# Time capsule trés lente



## aurelienhilaire (18 Juillet 2011)

Bonjour,

Je vien d'acheter une Time capsule 2to mais je suis assez dessus.
Les transferts de données sont très ..... long.
Pour transférer 60 go de données il faut plus de 24h en passant par le firewire alors qu'un disque dur usb classique a mis 37 minutes.
Est-ce normal? Ma TC est t'elle pas mal paramètre?
Ou c'est peut être un problème matériel?

Je suis sous snow leopard 10.6.8. 
Macbook pro 13".

Merci d'avance pour vos conseils.


----------



## supergrec (18 Juillet 2011)

Firewire ? Il n'y en a pas sur la TC.

Lors de gros transfère je privilégie le cable ethernet, qui me fais gagner 1,5 voire 2 fois plus de temps.

Par exemple pour le 1er sauvegarde TM j'ai utilisez mon câble et par la suite le wifi suffit amplement.

Mais il est vrais et je te comprend que pour 60 Go, 24 h c'est quand même horriblement long.

Seule explication a mes yeux, tu as une connexion internet vraiment pourri.
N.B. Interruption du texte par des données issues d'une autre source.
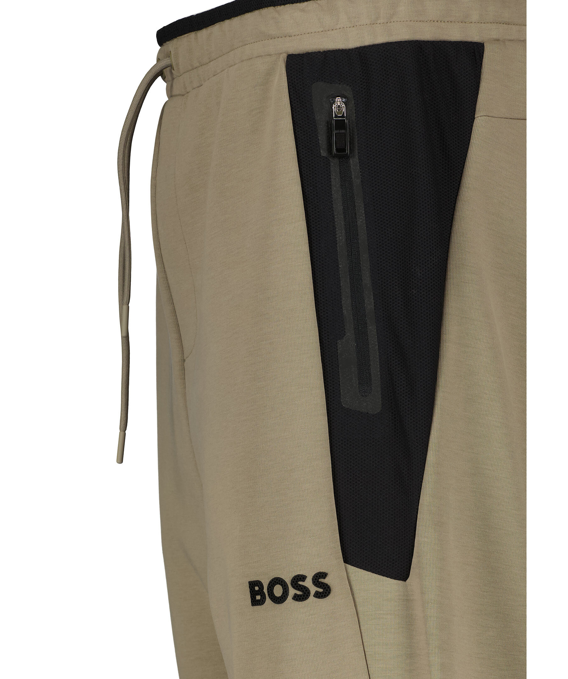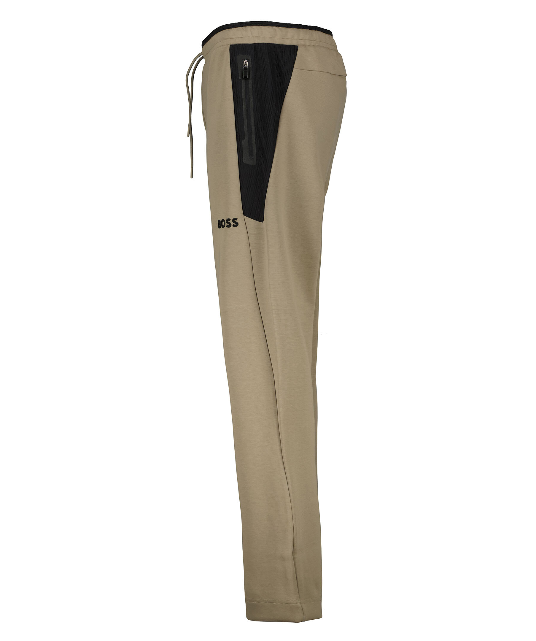 Greige tracksuit byxor från BOSS Green. Tillverkade av stretchtyg med öppna fållar, meshinlägg och 3D-modellerad logga. Elastisk midja med dragsko samt två sidfickor med dragkedja och en dold passpoalficka baktill. Normal passform.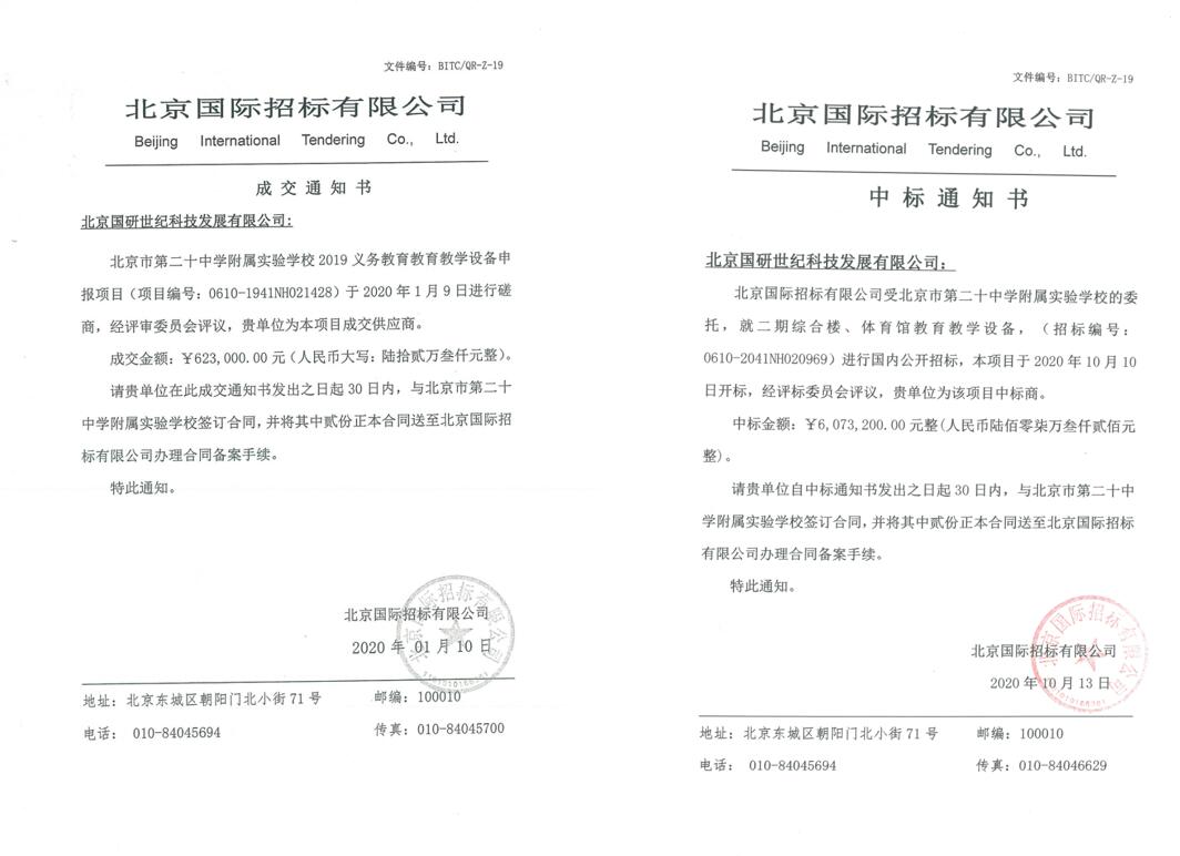 > 北京市第二十中學附屬實驗學?!鄠€項目中標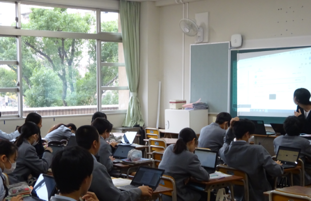 技術の木工、道徳、グループワークなど様々な形態の授業が行われています。理科の授業は、気体を発生させる実験でしょうか。生徒たちも興味津々で取り組んでいます。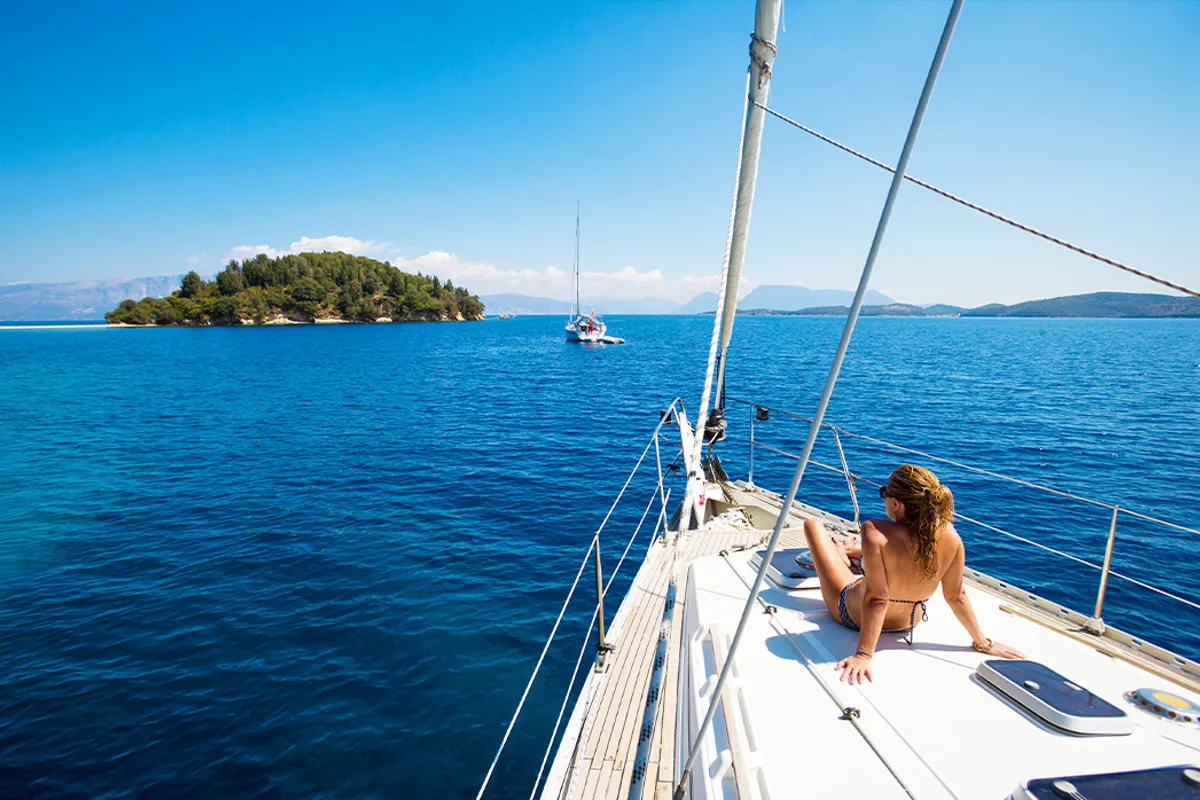 Spend a dream day on the glittering Ionian exploring secluded bays and tiny islands only reachable by boat. This is a luxurious and fully skippered charter, with lunch and kayaks included plus the option to help sail if you wish to.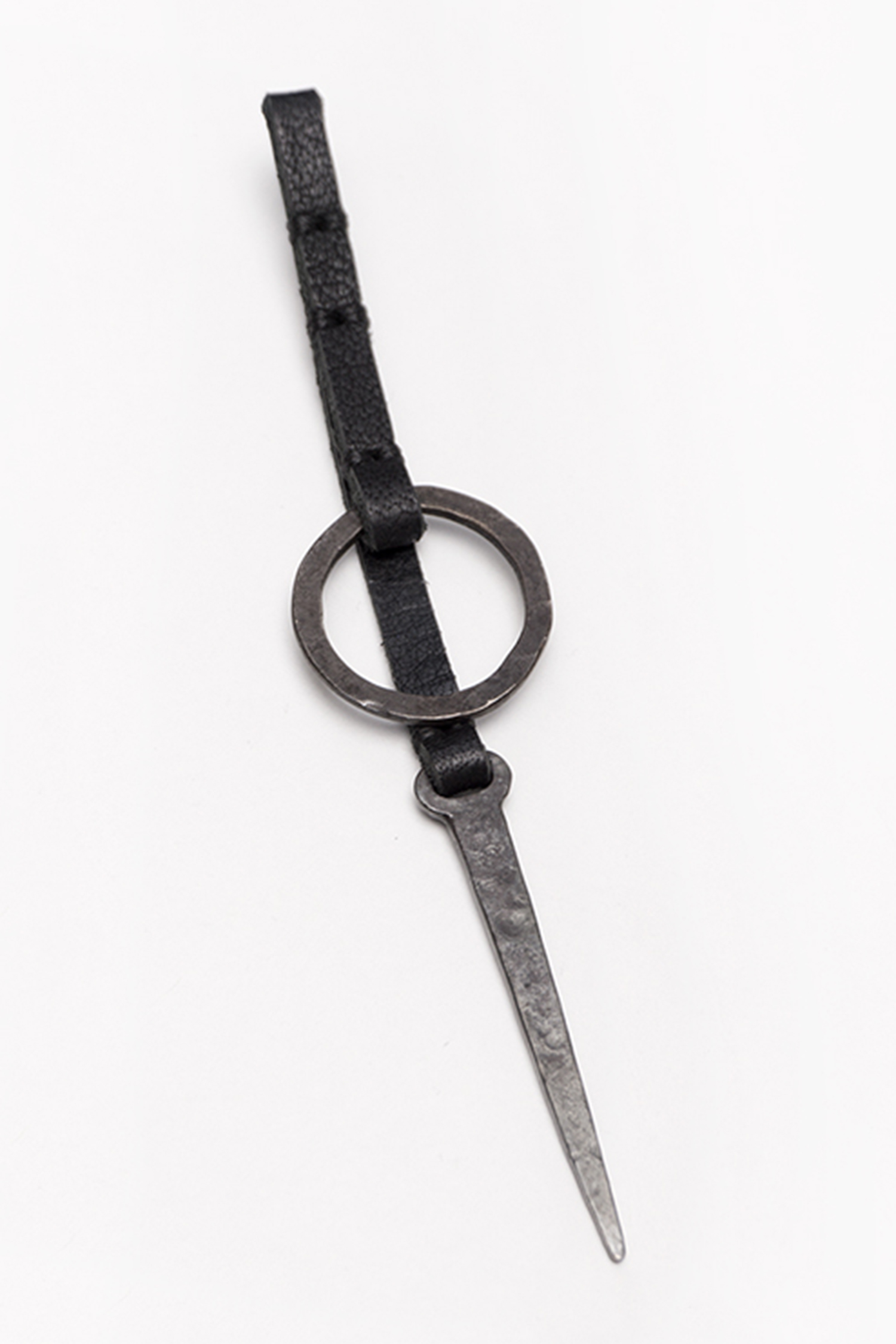 - Long leather string with silver tip and a leather string with silver circle in front of it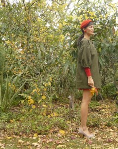 洋服作るのは大好きですが、時間や準備が必要な物で、最近どちらかというと買った古着をリメイクするのが多いです。でも、今流行っているボリュームスリーブのコートが欲しかったので、自分で作ってみることにしました。チャリティショップで買った型紙を使って、友達にもらった生地で作ってみました。型紙はかなりシンプルで本当はルームウェアのはずですが、自分の考えたデテールでコートっぽくしました。袖の入り口にタックを入れたり、首のところにボタンを付けたりしました。本革のクルミボタンですが、数年前、チャリティショップで買いました。裏地もポイントですが、東京のフリーマーケットで見つけた着物から作ったものです。だから、このコートの生地、ボタン、そして裏地の合わせた値段は多分高くても¥500ぐらいです!他に着ているものも全部手作りやチャリティショップで買ったものですが、もっと知りたい方は上の英語のリンクをクリックしてね!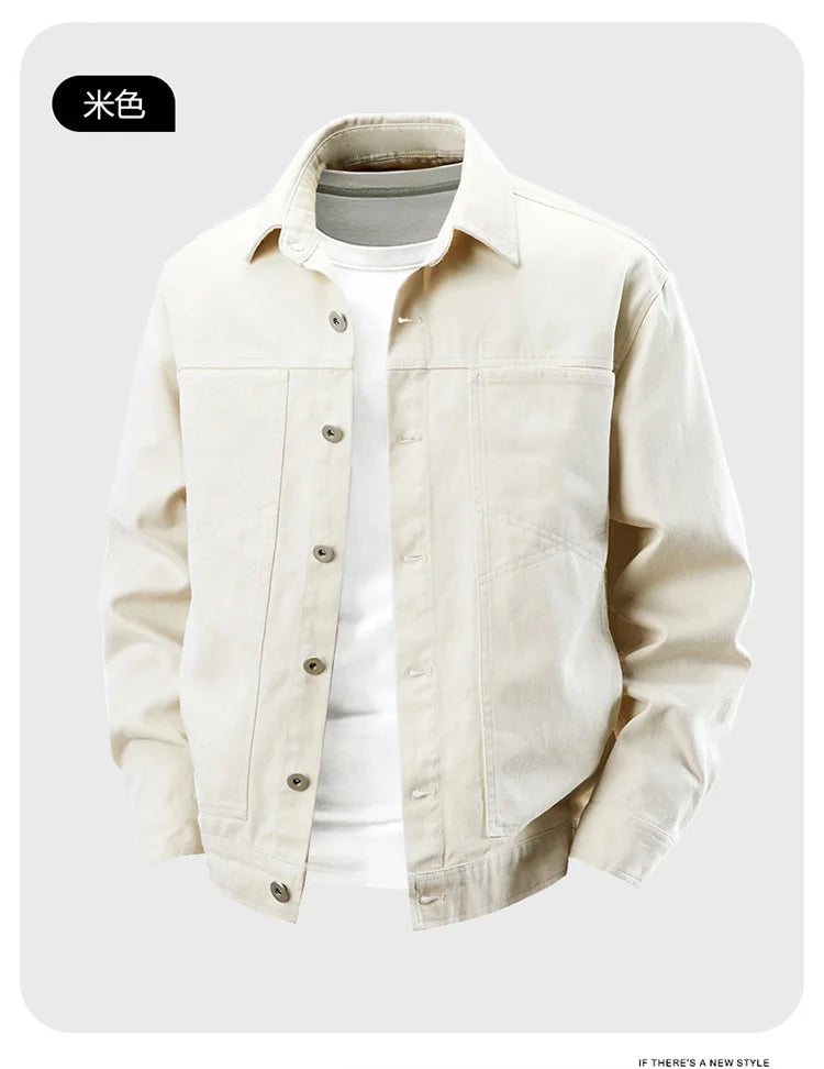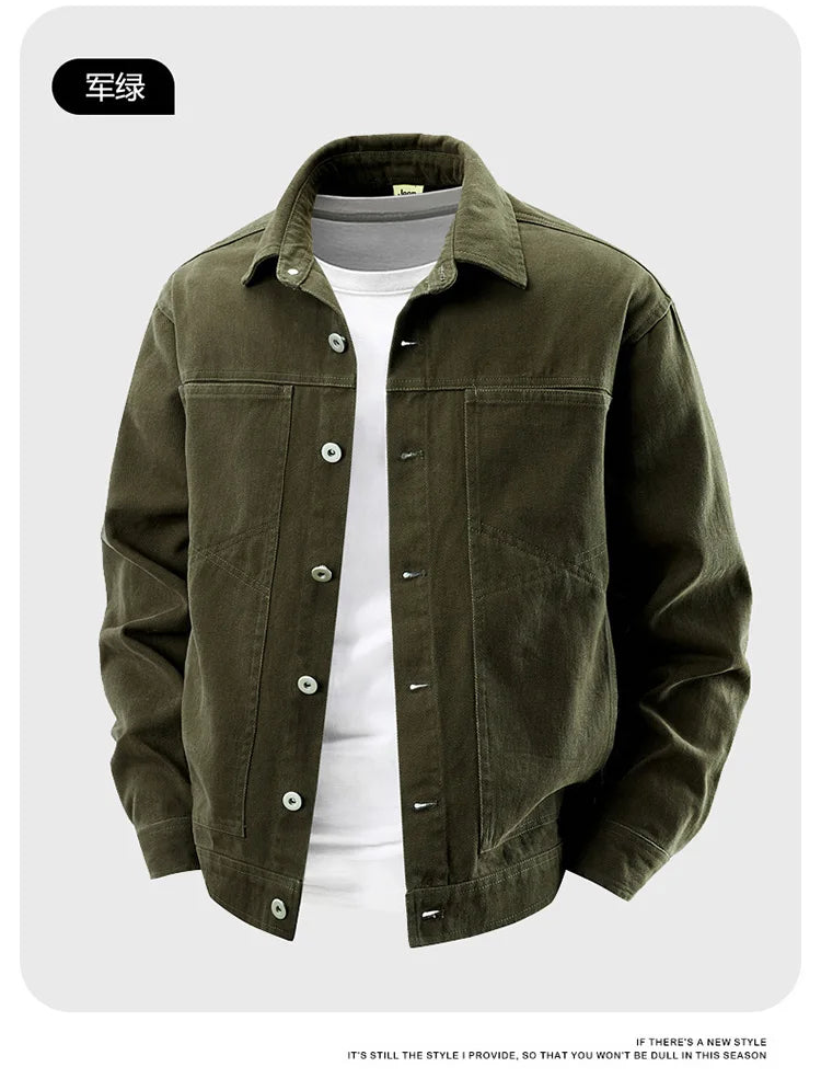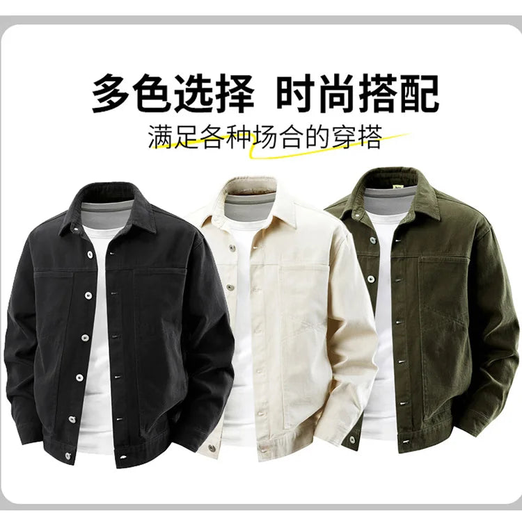 Threebooy Male American Casual Jackets Versatile Lapel Collars Multiple Pockets Workwear Tops Solid Color High Quality Men's Clothing

Si tu as un petit doute sur ta config, jète un oeil sur ce tuto très bien fait : 

http://www.debutersurmac.com/tutoriels/timemachine.html#timecapsule


----------



## esales (18 Juillet 2011)

aurelienhilaire a dit:


> Pour transférer 60 go de données il faut plus de 24h en passant par le firewire



Il n'y a pas de firewire sur une Time Capsule. Tu doit confondre avec le wifi / airport.
En mode wifi, selon l'ancienneté de ton MacbookPro, tu peux aller jusqu'à 450Mbits/s (en wifi n et 5ghz). Ce qui est quand même rapide....
Mais l'ethernet est encore plus rapide est surtout plus stable.


----------



## aurelienhilaire (18 Juillet 2011)

excuser moi! j'ai confondu le cable ethernet avec le firewire.
Je parlais bien du cable ethernet!
Je vais vérifier la config.

Voici les données de ma carte wifi:

  Version des logiciels* :
  Menu Extra  :	6.2.2 (622.2)
  module configd :	6.2.5 (625.6)
  Informations Système :	6.0.1 (601.1)
  Préférences Réseau :	6.2.2 (622.2)
  Utilitaire AirPort :	5.5.3 (553.20)
  Famille IO80211 :	3.2 (320.1)
  Interfaces :
en1 :
  Type de carte :	AirPort Extreme  (0x14E4, 0x8D)
  Version du programme interne :	Broadcom BCM43xx 1.0 (5.10.131.42.4)
  Locale :	ETSI
  Code du pays :	CA
  Modes PHY pris en charge :	802.11 a/b/g/n
  Canaux pris en charge :	1, 2, 3, 4, 5, 6, 7, 8, 9, 10, 11, 36, 40, 44, 48, 52, 56, 60, 64, 100, 104, 108, 112, 116, 132, 136, 140, 149, 153, 157, 161, 165
  Wake On Wireless :	Géré
  État :	Connecté

Il ne devrais pas y avoir de problème!


----------



## supergrec (18 Juillet 2011)

Toutes ces info ne nous disent rien sur le débit de ta connexion :

http://www.degrouptest.com/test-debit.php

Ou alors Utilitaire / Utilitaire Réseau


----------



## drs (18 Juillet 2011)

aurelienhilaire a dit:


> Je vien d'acheter une Time capsule 2to mais je suis assez dessus.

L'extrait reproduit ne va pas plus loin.